改修当時の記事もあわせてお読みください。
「生家の町家を再生活用 ── 中京・Yd 邸」(2007.11.1)


○路地住人となったいきさつ

 伏見で先祖からの表屋造り京町家に住んでいた父は、そこが軍施設の傍であったため、終戦間際の緊迫の中で延焼防止の打ち壊しを決定され七日間で強制疎開。家財は親戚4軒に分け預け、取り敢えず落ち着いた先がこの路地だったそうです。建具も畳もなく外構えだけの家だったので伏見の物を持ち込み嵌めたそうです。建具の高さは共通の寸法だったよう ですね。そして終戦後まもなく、人々を救済すべき悲惨な事態に遭遇し、打ち壊わしにあった間口六間の土地と蓄財を提供して救済。そのため元の伏見に戻ることなく、この路地で後半生を送ることになったそうです。私はその五年後にここで生まれたのですが、残っている六間幅の麻と綿2枚の家紋入り幔幕を見るたび実感していました。そんな事情もあって路地奥にもかかわらず、訪ね来る大店の主人や奧方は不思議なことにこの小さな家を面白いと気に入り、足繁く通う方もあったとか。とにかく来客の多い家でした。生活に必要最小の家でしたが、祇園祭の鉾町でもあり、私が物心つく頃には、母は何かと大変そうなものの、父はもう物欲に捉われず楽しげに住みこなしていました。その両親も亡くなりこの家が残り、古い上に三年ほど空き家にしていると傷みもますます激しくなって来て。


○作事組との出会い

 「この家は、小さくても伝統工法の良さは備えていて住み佳い。」と感じていましたから、ふと「この家を元の姿に戻せたら。」と思いたち、友の会を通じ作事組に引き受けていただけ改修の運びとなりました。当時はウチのような路地奥の狭小町家の改修は作事組ではあまり例がなかったのではないでしょうか? さぞ酔狂に映ったことと思いますが、改修を終えると予想通り、こじんまりした可愛い町家になりました。それにしても作事組棟梁塾生の改修現場は活気に溢れ、家が建ち起こされる様子も見せてもらえ感動的でした。


○先日の台風21号は

 暴風雨がウチの軒の深さでは防げず、二階表(東)の窓枠から水が入り壁伝いに真下の一階出格子に雨漏りしました。そういえば改修して間もないころ二階の窓枠から雨が浸み込み壁を濡らしたことがありました。その時は「土壁は乾けば元に戻ります。なんともありまへん!」と工務店の社長さんに言われ安心したものです。確かに乾きますが、きつい台風の時は何か降り込みを防ぐものが必要でしたね。柱まで濡れると蟻害まで心配になります。
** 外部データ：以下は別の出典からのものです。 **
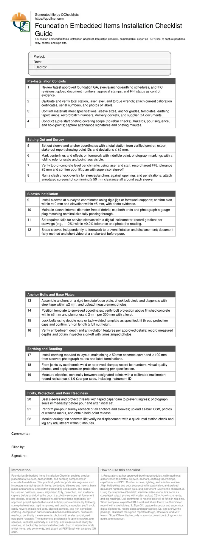 Foundation Embedded Items Installation Checklist enables precise placement of sleeves, anchor bolts, and earthing components in concrete foundations. This practical guide supports site engineers and inspectors managing cast-in items, embedded sleeves and inserts, base plates and anchors, and earthing/grounding conductors. The scope focuses on positions, levels, alignment, fixity, protection, and evidence capture before and during the pour. It explicitly excludes reinforcement bar checks, detailing, or inspection; coordinate those separately per approved project specifications and authority requirements. By following survey-led methods, rigid templates, and bracing strategies, you’ll avoid costly rework, misaligned bolts, blocked services, and non-compliant earthing. Acceptance cues include dimensional tolerances, calibrated readings, continuity measurements, photos with scales, and signed hold-point releases. The outcome is predictable fit-up of steelwork and services, traceable continuity of earthing, and clean sleeves ready for services, all backed by authenticated records. Start in interactive mode to tick items, add comments, and export as PDF/Excel with a secure QR code.

それに改修時、裏側(西)は「雨戸はなくていいでしょう。町家はすだれで防ぐもんどす。」と、元あった傷んだ雨戸を無くしガラス戸だけになっています。これまで大きな台風は滅多にないことで、どこまで備えるか?でしたけれど、最近のように気候変動が大きく台風や豪雨が増えると、やっぱり雨水が侵入して不安です。